As I’m starting to work with the larger datasets, my Google Colab functions are taking hours to run and thus disconnecting me in between when I leave my laptop.
Is there another tool out there that can run a jupyter notebook in the background? What are you using?
Thanks!
1 Like
I am using and recommend Kaggle. Not only that you can run for free jupyter notebooks with 4 CPUs and 30GB RAM (max 12 hours run each, 5 notebooks in parallel), but thanks to Kaggle API you can fully automatize your pipeline. On top, there is great community and possibility to learn more from competitions.
I have created a few public notebooks and datasets to simplify first steps for Numerai Tournament participants:
- weekly updated dataset with latest data, so that you do not need to download them each time:
- Example models - typically forks of Numerai example models with improvements for better results:
- Kaggle automation tips:
5 Likes
Thank you! I’ll review this!!!
Thank you! Also a new user exploring ways to train models (turns out my ~10 year old gaming rig can’t handle much past the “small” feature set)
Also using kaggle.com.
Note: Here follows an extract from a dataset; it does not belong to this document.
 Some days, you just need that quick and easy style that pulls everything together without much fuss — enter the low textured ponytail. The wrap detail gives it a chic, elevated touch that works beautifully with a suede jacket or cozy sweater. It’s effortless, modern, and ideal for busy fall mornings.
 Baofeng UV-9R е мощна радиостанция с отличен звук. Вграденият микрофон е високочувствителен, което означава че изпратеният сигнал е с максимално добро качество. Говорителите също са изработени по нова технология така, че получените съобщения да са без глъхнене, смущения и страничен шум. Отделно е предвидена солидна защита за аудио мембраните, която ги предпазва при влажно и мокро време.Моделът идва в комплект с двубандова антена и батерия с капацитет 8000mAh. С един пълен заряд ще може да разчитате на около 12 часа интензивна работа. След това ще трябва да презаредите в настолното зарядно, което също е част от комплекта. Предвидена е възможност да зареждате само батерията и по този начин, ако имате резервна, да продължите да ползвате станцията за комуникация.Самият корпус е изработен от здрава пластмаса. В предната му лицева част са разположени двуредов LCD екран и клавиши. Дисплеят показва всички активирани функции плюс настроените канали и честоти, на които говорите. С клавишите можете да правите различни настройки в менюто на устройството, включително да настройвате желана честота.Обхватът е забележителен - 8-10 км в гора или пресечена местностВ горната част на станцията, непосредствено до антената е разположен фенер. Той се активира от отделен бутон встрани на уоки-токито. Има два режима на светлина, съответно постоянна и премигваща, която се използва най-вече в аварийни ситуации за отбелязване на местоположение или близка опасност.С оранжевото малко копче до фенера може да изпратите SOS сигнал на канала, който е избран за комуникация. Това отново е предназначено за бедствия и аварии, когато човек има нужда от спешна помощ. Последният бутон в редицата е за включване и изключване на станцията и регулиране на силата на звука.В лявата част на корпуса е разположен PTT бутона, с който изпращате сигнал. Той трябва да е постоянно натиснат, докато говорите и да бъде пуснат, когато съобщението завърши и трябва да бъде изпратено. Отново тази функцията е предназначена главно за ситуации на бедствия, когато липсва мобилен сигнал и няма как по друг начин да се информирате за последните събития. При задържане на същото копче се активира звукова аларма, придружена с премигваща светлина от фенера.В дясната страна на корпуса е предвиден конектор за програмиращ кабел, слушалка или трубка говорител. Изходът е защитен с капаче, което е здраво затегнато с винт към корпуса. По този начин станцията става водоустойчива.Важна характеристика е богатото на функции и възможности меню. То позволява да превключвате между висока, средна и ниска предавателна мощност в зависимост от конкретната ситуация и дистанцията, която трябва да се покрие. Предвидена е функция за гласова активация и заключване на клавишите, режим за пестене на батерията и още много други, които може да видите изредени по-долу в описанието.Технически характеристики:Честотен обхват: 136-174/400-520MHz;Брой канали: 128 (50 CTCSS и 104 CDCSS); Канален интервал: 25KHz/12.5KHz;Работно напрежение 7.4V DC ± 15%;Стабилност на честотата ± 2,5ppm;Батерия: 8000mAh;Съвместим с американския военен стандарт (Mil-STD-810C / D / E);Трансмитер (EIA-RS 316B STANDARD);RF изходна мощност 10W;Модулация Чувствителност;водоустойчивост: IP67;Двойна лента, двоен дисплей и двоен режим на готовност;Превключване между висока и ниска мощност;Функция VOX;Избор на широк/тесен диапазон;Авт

Highly convenient option
I train it on my local computer and use a batch script to submit dailly.
2 Likes
This is very useful, thank you so much
Some guys are using Rent GPUs | Vast.ai as most price effective GPU option.
1 Like
I found it useful to have my programs periodically save relevant parameters to files. For example with my basic Numerai program I save parameters every 250 iterations to files named by the iteration number (like “XXXXX.mat”, where XXXXX is the iteration number, and “mat” because I use MatLab). In my case 250 iterations represents about 1/2 hour of processing, so there’s not much lost if for some reason or another processing is interrupted.
That also allows you to branch off downstream programs from pretty much where one likes.
FWIW I train my models at home, and the few times (for other projects) I’ve used Colab I used Google Drive for data storage.
This is very useful, thank you so much
I’m experimenting with PaperSpace Gradient. It’s like Colab but with ‘unlimited’ GPUs with monthly subscription. I’m currently trying to build the correct virtual environments on Gradient so the pickled model is consistent with Numerai Evaluation. If it do work well, I’m guessing it would be a solid place for high-ram GPU training!
1 Like